SUPPLIED INFORMATION ->
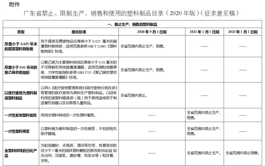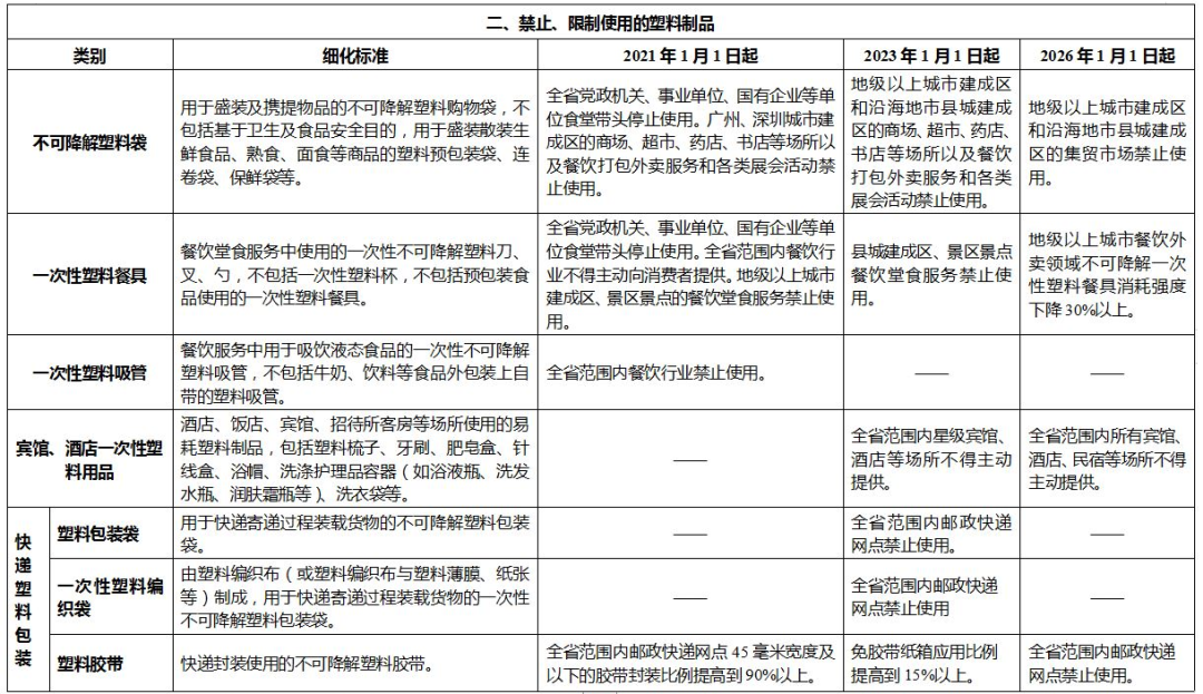 為便于各地執(zhí)行《省實施意見》,省發(fā)展改革委、省生態(tài)環(huán)境廳制定了《廣東省禁止、限制生產(chǎn)、銷售和使用的塑料制品目錄(2020年版)》,明確了相關禁限細化標準、區(qū)域范圍和時間節(jié)點。
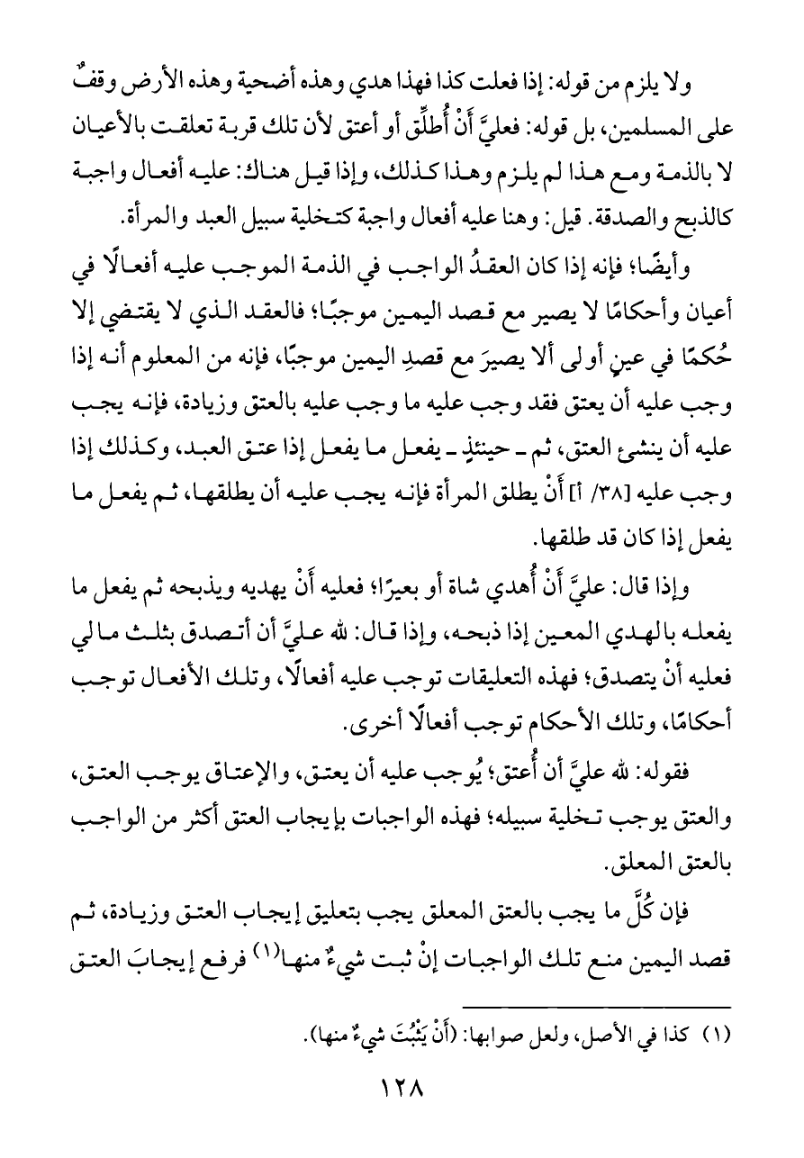 ولا يلزم من قوله: إذا فعلت كذا فهذا هدي وهذه أضحية وهذه الأرض وقفٌ على المسلمين، بل قوله: فعليَّ أَنْ أُطلِّق أو أعتق لأن تلك قربة تعلقت بالأعيان لا بالذمة ومع هذا لم يلزم وهذا كذلك، وإذا قيل هناك: عليه أفعال واجبة كالذبح والصدقة. قيل: وهنا عليه أفعال واجبة كتخلية سبيل العبد والمرأة.
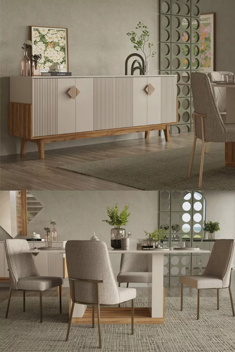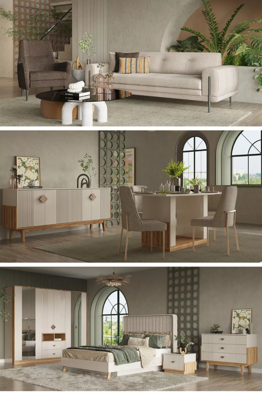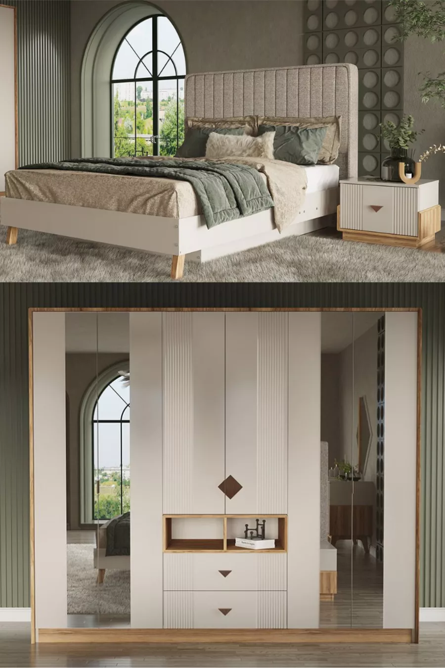 محتويات الطقم: خزانة + 2 منضدة جانبية + كومودينو + رأس سرير
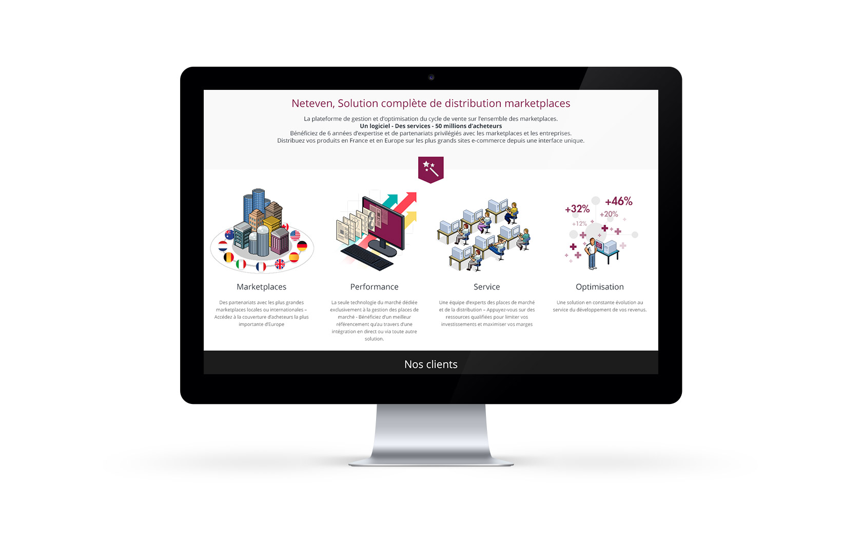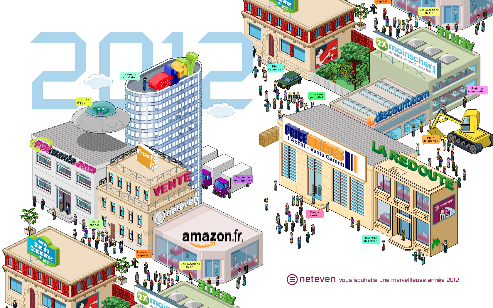 NETEVEN est une société proposant une plateforme de gestion et d’optimisation du cycle de vente sur l’ensemble des marketplaces. L’ensemble de la communication est illustré avec du pixelart pour adopter un ton ludique et donner une personnalité forte à chaque document. Le pixelart permet d’avoir une approche schématique pédagogique pour expliquer les services, ou juste une vocation ludique pour rendre le message plus convivial.

PROBLEM REQUIREMENTS ->
Look above for the line with "ولا يلزم من" and the line with "محتويات الطقم: خزانة". Give again exactly those two lines and all lines between them, pictures excluded.

SOLUTION TO THE EXERCISE ->
 ولا يلزم من قوله: إذا فعلت كذا فهذا هدي وهذه أضحية وهذه الأرض وقفٌ على المسلمين، بل قوله: فعليَّ أَنْ أُطلِّق أو أعتق لأن تلك قربة تعلقت بالأعيان لا بالذمة ومع هذا لم يلزم وهذا كذلك، وإذا قيل هناك: عليه أفعال واجبة كالذبح والصدقة. قيل: وهنا عليه أفعال واجبة كتخلية سبيل العبد والمرأة.
 محتويات الطقم: خزانة + 2 منضدة جانبية + كومودينو + رأس سرير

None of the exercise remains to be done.